Wynton’s Blog

Crossover to What? (Part II)

In the 70's the American music industry and national radio became almost completely segregated. The industry and the country (all of us went along with it) used code words. R&B meant black, Rock 'n' Roll and Pop meant white. Michael Jackson was popular but his heartfelt song to a rat (Ben), even though he did a credible job in an incredible situation, cost him on the street (whatever that means).

Anyway, by the mid 70's, the two great, black, pop bands conceptually were Parliament Funkadelic and Earth, Wind and Fire. There was 'party, shake your booty, and love music' represented by the Commodores, Smokey, and the Ohio Players amongst others, and there was consciousness music represented mainly by Stevie Wonder, Marvin Gaye, and one of the few integrated bands, War. The Jackson 5 faded from view.

In the late 70's, the Bee Gees had their smash hit with 'Saturday Night Fever'. Even though much of that music was superior to what followed, their enormous success ushered in the mindless and tasteless exuberance of disco which dramatically changed the music-to-entertainment ratio in pop music. With disco, the beat was the star and it didn't have to be funky or deep in any discernable pocket — it simply had to BE there. Reemerge Michael Jackson now a young man, wispy and can dance; a throwback to an earlier era of entertainment even though just in the bloom of young manhood. This was a critical juncture in Afro-American popular music. Of course generations always like to think the crises of their times are new and definitive for all times when they are often repetitions of past problems or unresolved issues that keep coming around. Michael Jackson and the decisions he and his peers made on behalf of American music would seal a direction for popular music that continues today.

These are the components of their styles:

1) Emphasis on technological achievements in lieu of artistic achievement.

2) Fantasy as the principal commodity—fun and the creation of excitement with technology and loud theatrical elements replaces the creation of excitement through communication of musical ideas and a shared music.

3) Dance and visual elements like literally running around the stage and/or imitating guitar players in front of them (while they're playing) take precedent over musical ones—-the music is purely background with the exception of the song line (generally a lot of repeated notes) and the beat (generally something so static a machine can play it).

4) Afro-American musical imperatives, such as the blues timbre, virtuoso instrumental improvisation, and a highly personalized dance-beat relationship that produced so many great rhythm sections, are devalued as if these elements are somehow less 'progressive'. (In the 80's rap was to counter state this trend only to succumb, in a few years, to a plantation-minstrel version of Afro-American entertainment that replaced musical objectives with socio-pathology which got so deep some of the musicians ACTUALLY ended up dead or going to prison to prove the 'authenticity' of their confused conception of blackness).
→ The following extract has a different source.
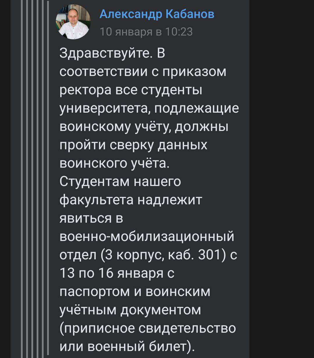 Отказавшихся ждет выговор или даже отчисление, написал Александр Кабанов в мессенджерах студентам. Студенты, опрошенные редакцией, сообщили, что не собираются идти в военкомат, несмотря на угрозы.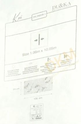 Yüzeyi Dokulu, yüzey malzemesi Vinil ve duvara yapışan taban malzemesi ise Kağıt olarak imal edilmiştir.

5) The artifact takes years to produce because production values and studio effects replace actual musical sophistication.

6) The only concerns for the finished 'product' are commercial. If it sells, it's good- if it sells more, it is grreeeat!

7) A critical community more concerned with not killing the goose laying the golden eggs than assessing the value of music in relation to what preceded it (very much akin to loan officers who loaned money indiscriminately in order to scam secondary investors with bogus unrecoupable debt—-beware buyer! your protector is part of the game). This was a perfect concoction for the specific genius of Michael Jackson. A great dancer with good looks and unquestioned pedigree in the Afro-American tradition (a real crossover doesn't feel as triumphant unless you're actually the thing you're crossing over from). A fan base (cognizant of the pressures of being a child star) that wanted to see what Michael would become as a young man. A point in history when spectacular production values and an expanded media penetration provided the MEANS—— and the lack of national music education as well as the insistence on forcing entertainment to also carry the weight of music (akin to asking fast foods to represent a whole cuisine) provided the WAY for an ill equipped populace to be exploited and thrilled about it at the same time.